DESCRIPTION OF THE TASK
For the entries that follow, retype exactly the lines from the one containing "This is the" to the one containing "Driveway apron and", inclusive, and only those. Images stay out of the copy.

DATA PROVIDED

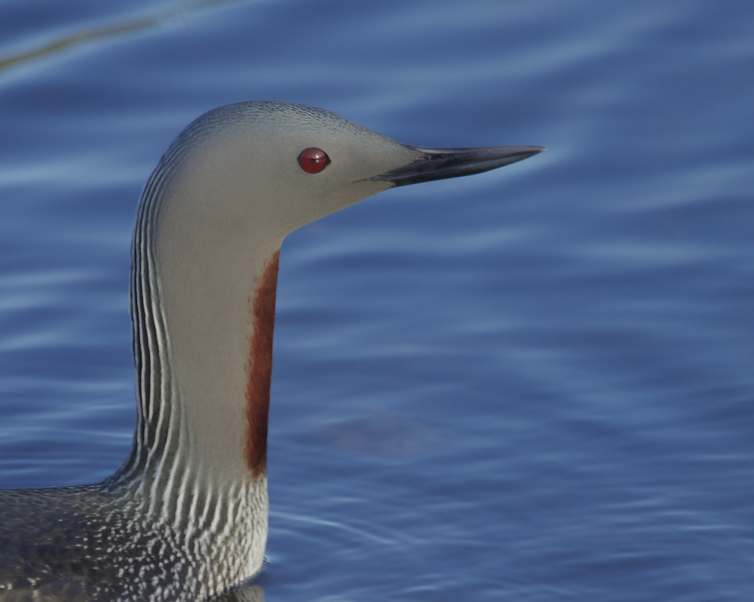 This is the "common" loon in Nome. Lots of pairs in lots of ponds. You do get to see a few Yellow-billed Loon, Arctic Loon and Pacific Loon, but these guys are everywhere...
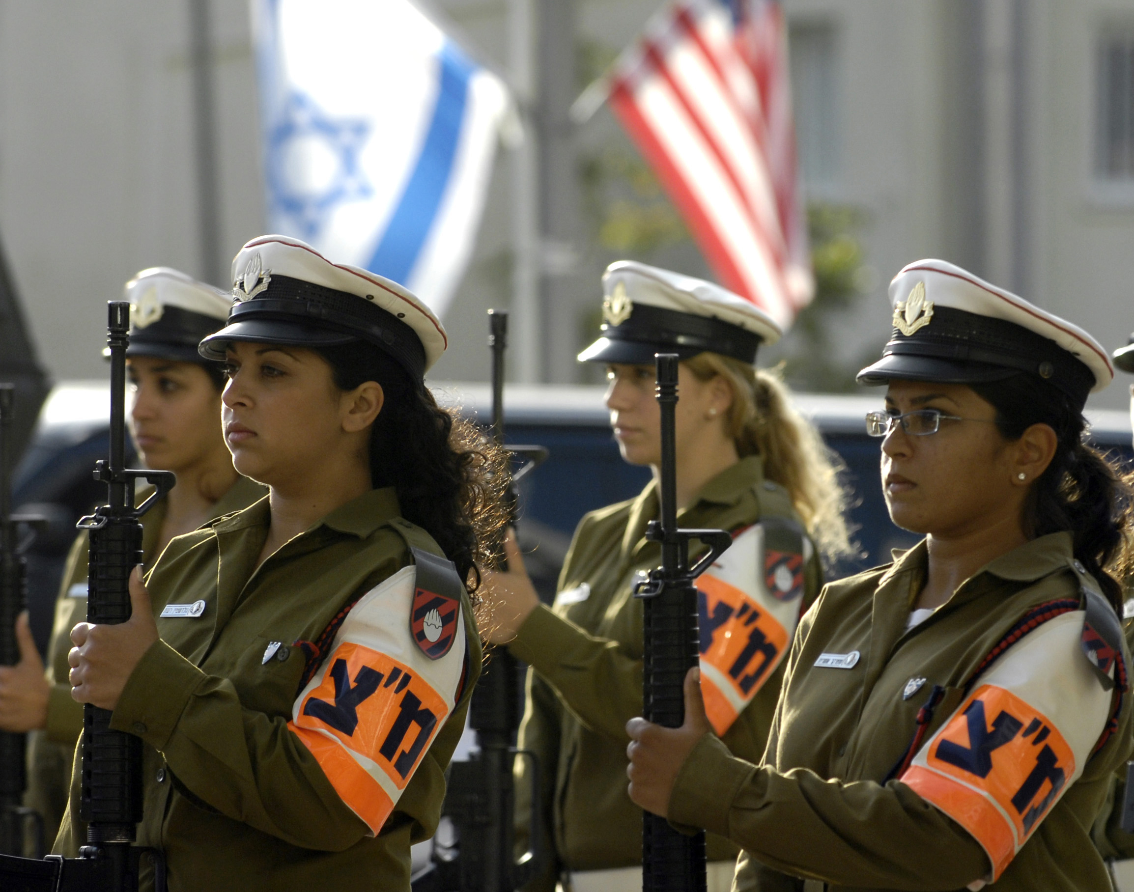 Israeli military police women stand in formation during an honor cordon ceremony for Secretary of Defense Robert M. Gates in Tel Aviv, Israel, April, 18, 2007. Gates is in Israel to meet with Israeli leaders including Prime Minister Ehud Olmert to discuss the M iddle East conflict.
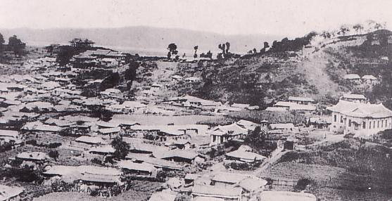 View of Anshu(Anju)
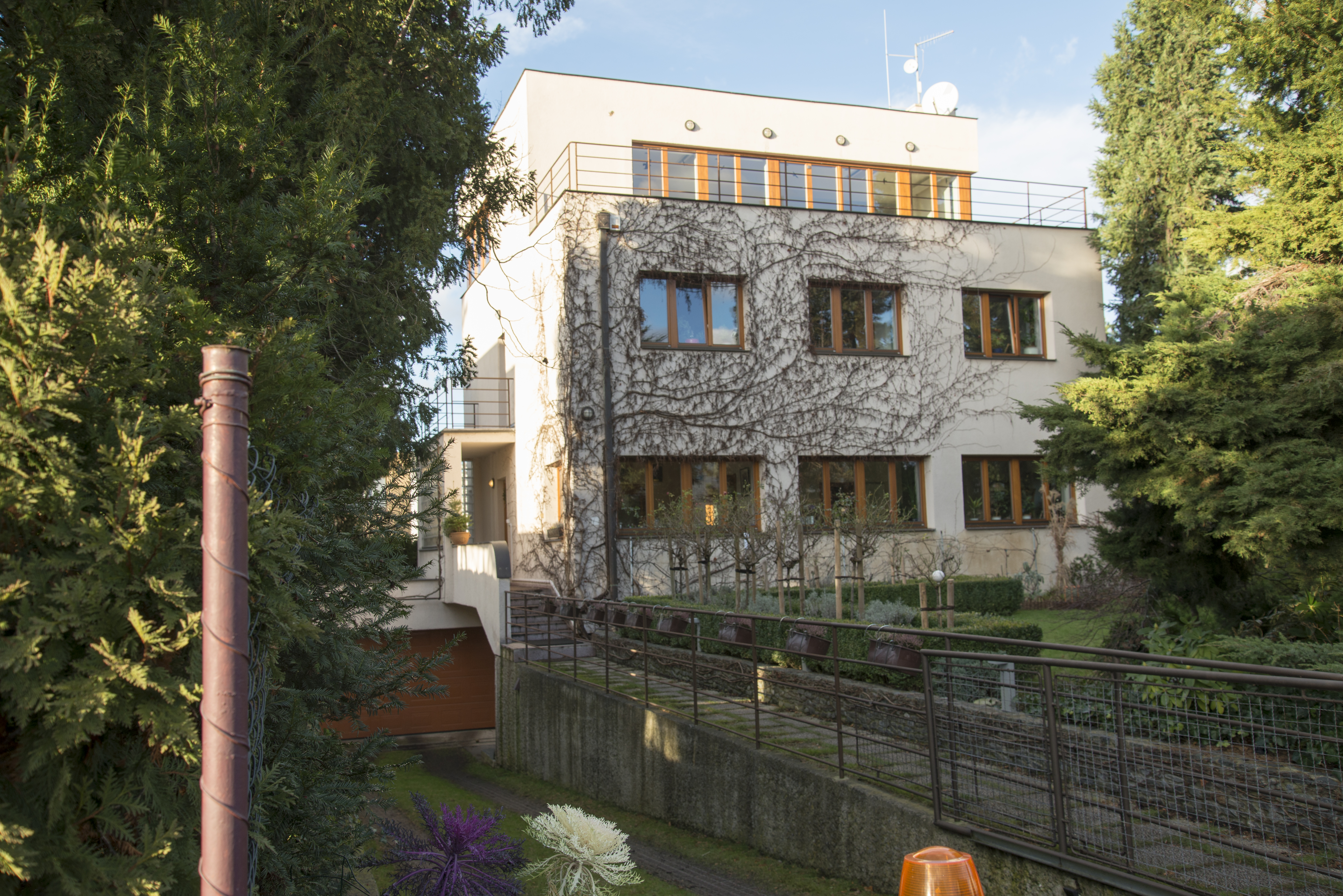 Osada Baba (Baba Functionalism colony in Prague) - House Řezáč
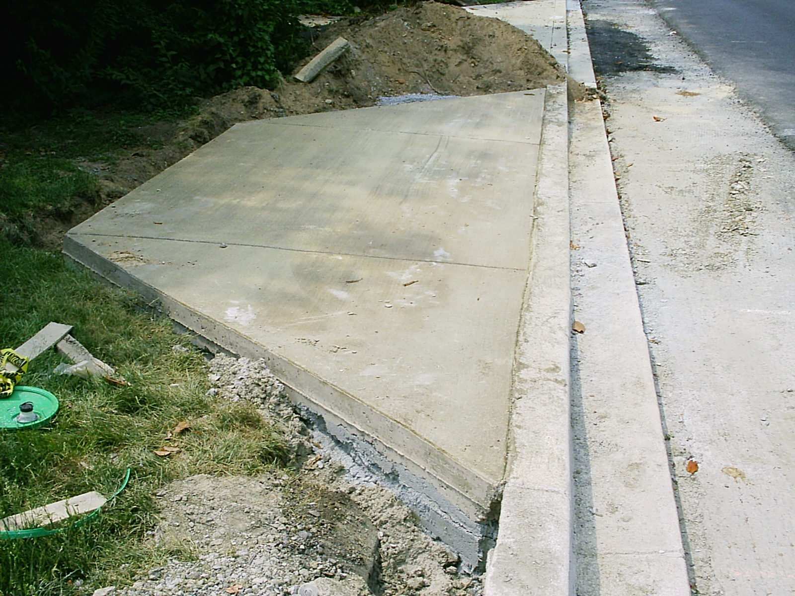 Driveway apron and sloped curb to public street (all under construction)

==

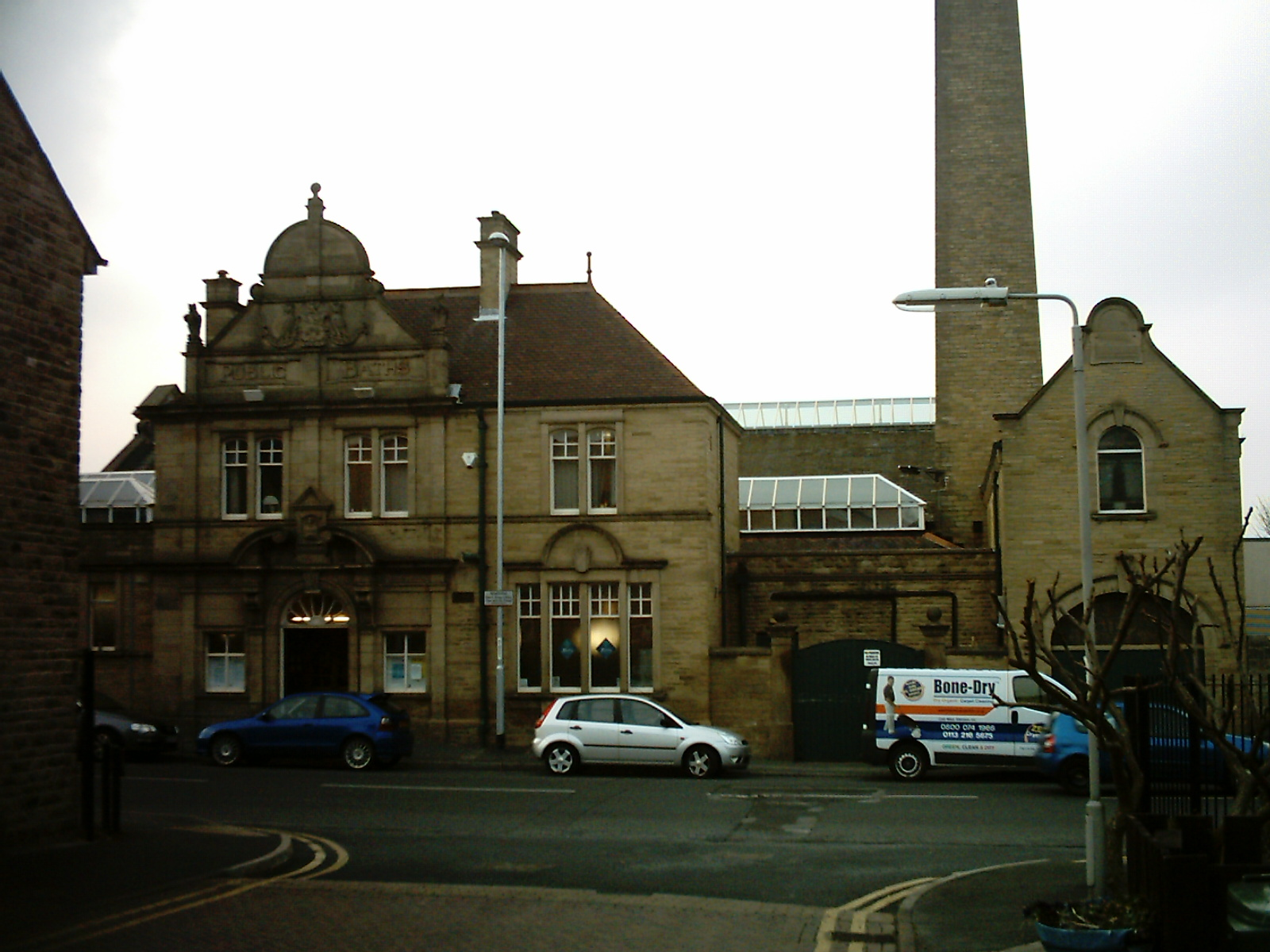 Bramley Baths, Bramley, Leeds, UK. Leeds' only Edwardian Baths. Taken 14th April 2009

TASK RESPONSE
 This is the "common" loon in Nome. Lots of pairs in lots of ponds. You do get to see a few Yellow-billed Loon, Arctic Loon and Pacific Loon, but these guys are everywhere...
 Israeli military police women stand in formation during an honor cordon ceremony for Secretary of Defense Robert M. Gates in Tel Aviv, Israel, April, 18, 2007. Gates is in Israel to meet with Israeli leaders including Prime Minister Ehud Olmert to discuss the M iddle East conflict.
 View of Anshu(Anju)
 Osada Baba (Baba Functionalism colony in Prague) - House Řezáč
 Driveway apron and sloped curb to public street (all under construction)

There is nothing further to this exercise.